OTHERS

Impact of reforms shaping voter attitude

CHENNAI, APRIL 29. The impact of economic reforms on Tamil Nadu's polity looks a curious paradox of growth at the macro-level, with ``islands of negative trends'' at the micro-level.

It is this apparent imbalance, visible during a recent election tour of several districts, that is quietly shaping political attitudes at various levels, in the run-up to the May 10 Assembly elections.

Though this changing scenario requires a ``more detailed disaggregate documentation in itself'' as Dr. M. Anandakrishnan, noted educationist and the Information Technology Adviser to the Chief Minister, put it some time back, the poll context has thrown up astonishing ``class versus caste issues.''

This is reflected in the voter attitude towards established political parties on the one hand - already taking the flak of the reforms - and the relatively `more deprived lot' in the rural segments who now feel `caste consolidation' and `MBC status' is the way to upward mobility.
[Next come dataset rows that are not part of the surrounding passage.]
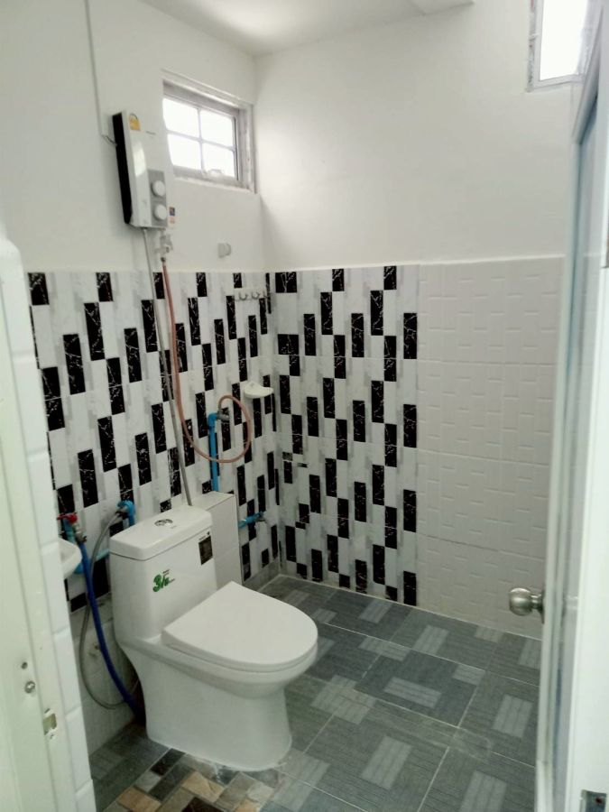 พื้นปูกระเบื้อง 60x60 สวนสวย ร่มรื่น มีบ่อน้ำเลี้ยงปลา รั้วรอบขอบชิด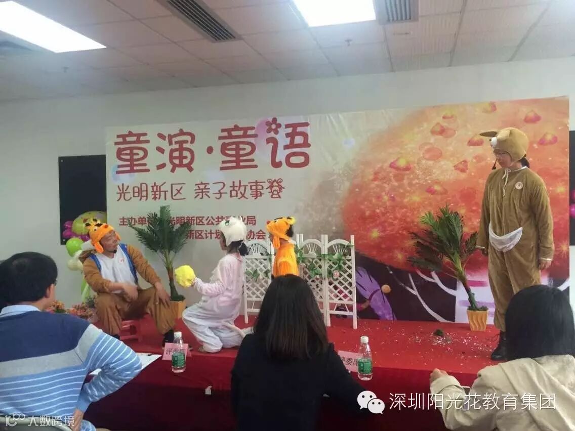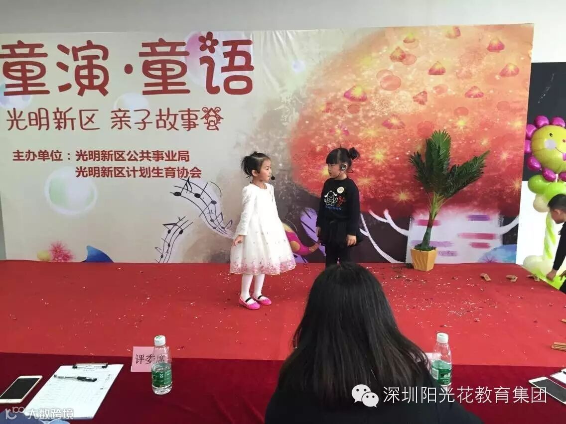 2016年3月19日阳光花深圳总部4所幼儿园(红太阳幼儿园、金色阳光幼儿园、红苹果幼儿园、金色未来幼儿园)代表集团参加,光明新区公共事业局组织的“亲子故事”初赛活动,小朋友和家长朋友的精彩演绎,充分展现了阳光花孩童自信、大胆、能说会讲、敢于表现的独特魅力!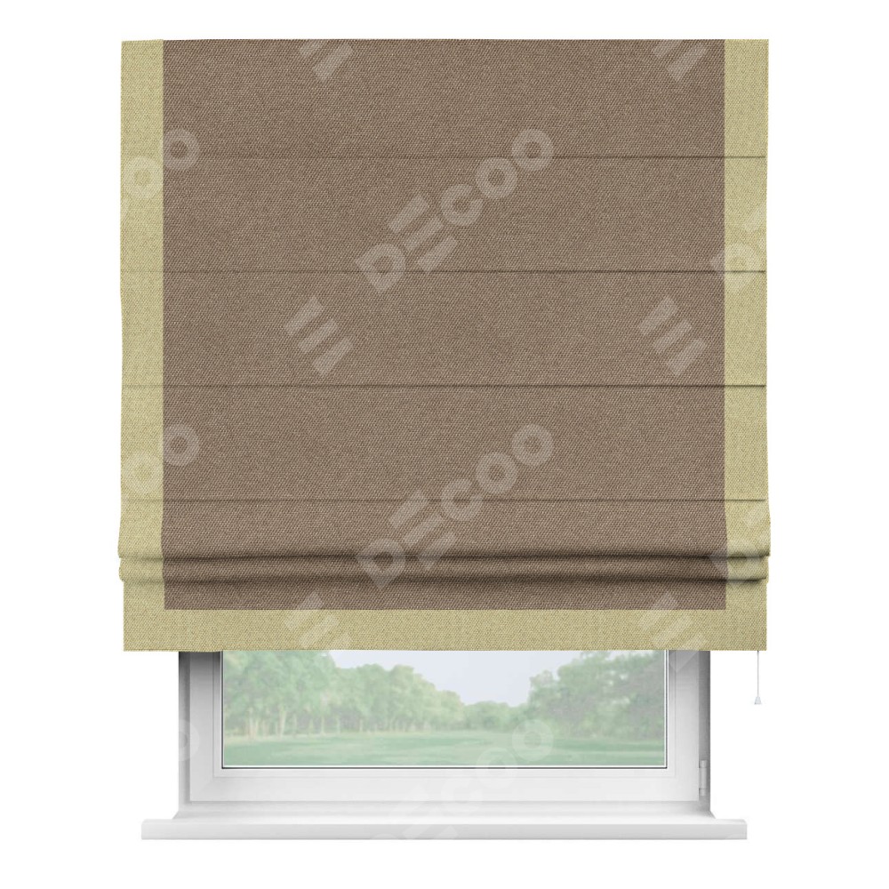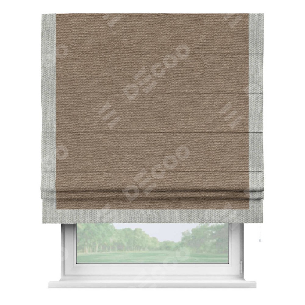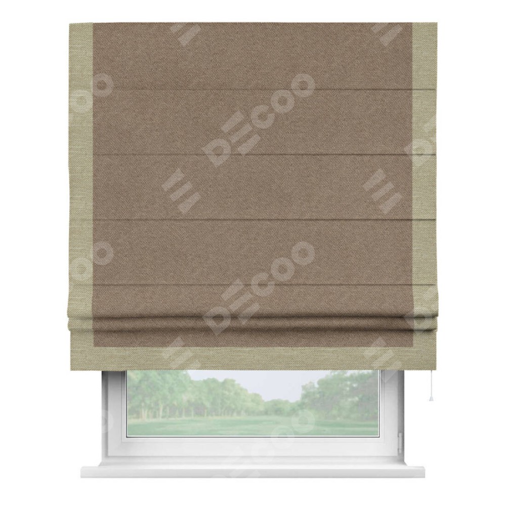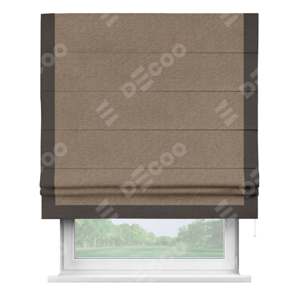 Римская штора «Кортин» для проема, лён димаут коричневый с кантом Виктория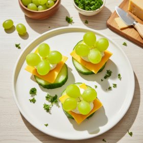 - Slice cucumbers to ¼ inch, cut cheese to match, halve grapes or tomatoes, and trim celery sticks or pretzel rods.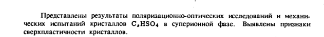 Представлены результаты поляризационио-оптических исследований и механических испытаний кристаллов CHSO4 в суперионной фазе. Выявлены признаки сверхпластичности кристаллов.

Knowingly or unknowingly, the `Harshad Mehta-induced stock market boom' meant more money-flow while the non-banking finance companies, many of which offered astronomical interest rates with post-dated cheques and eventually went bust, seemingly fattened the consumer's purse.

For the simple townsman and the peripheral villager, the last five years of the DMK Government, despite the reasonable `good administration' it gave, allegedly `choked' this money- movement. Pana Puzhakkam Illenge (no money circulation), is the common refrain at many places.

While the somewhat educated people see that the State Governments have no role to play in either the Reserve Bank's tight/easy money (credit) policies or the SEBI's stock market regulations, few in the villages know that the erstwhile United Front Government's VDIS scheme had mopped up quite a bit of black money.

``To say there is a money crunch only reflects a mind crunch in some people,'' says the Thondar Congress leader, Mr. Kumari Ananthan, quoting the Chief Minister and DMK president, Mr. M. Karunanidhi. Fighting the polls under the NDA umbrella, Mr. Ananthan says it is a misconception as ``the money has substantially gone into assets creation and infrastructure under the DMK regime.''

The CPI State secretary, Mr. R. Nallakannu, still disagrees. ``TIDEL park creation by the DMK Government is fine, but are all the new jobs going to be only in computers?''

The farmers at many places complained of decline in paddy prices this year and wanted the Government to fix a standard procurement price. The offer of Rs. 1000 per tonne, as the State-advised price for sugarcane linked to a 10 per cent recovery, was ``utopian,'' as only few sugar mills in Tamil Nadu were capable of that recovery rate, some ryots said.

Amazingly, in a few rural pockets of Villupuram district, people are aware that Chinese locks and toys are being `dumped' in the Indian market. But their attitude to a possible surge in cheap imports is typically negative. ``Why have products which are locally available,'' they ask.

But, the townsman does not see all evil in imported products. ``My income from running an STD booth has nosedived to Rs.1000 a month from Rs.7000 a few years back. I supplement it selling `Amway' - the multi-marketing network - consumer products,'' says an ex-serviceman at Virudachalam. ``Bank loans for new enterprises are so hard to come by due to the new prudential norms.''

Apart from the joblessness of workers of closed industrial units without any retraining or reabsorption facility - the tannery industry in composite North Arcot district is a typical example - the gainers from the long years of reservation and the reform process now sport a `neo-class' look.

For instance, the well-off sections among the Mudaliars or other BCs, particularly the professionals, do not see the need for any caste-based consolidation to express their voting intent.

While the new class status has given them an ``identity to be proud of,'' the losers from the reservation/reform process, like the weavers among the Mudaliars, want to fight their `low-income status' with caste identity assertion. Thus, it seems, both party and caste identities will play an equal role in shaping the outcome of the 2001 election.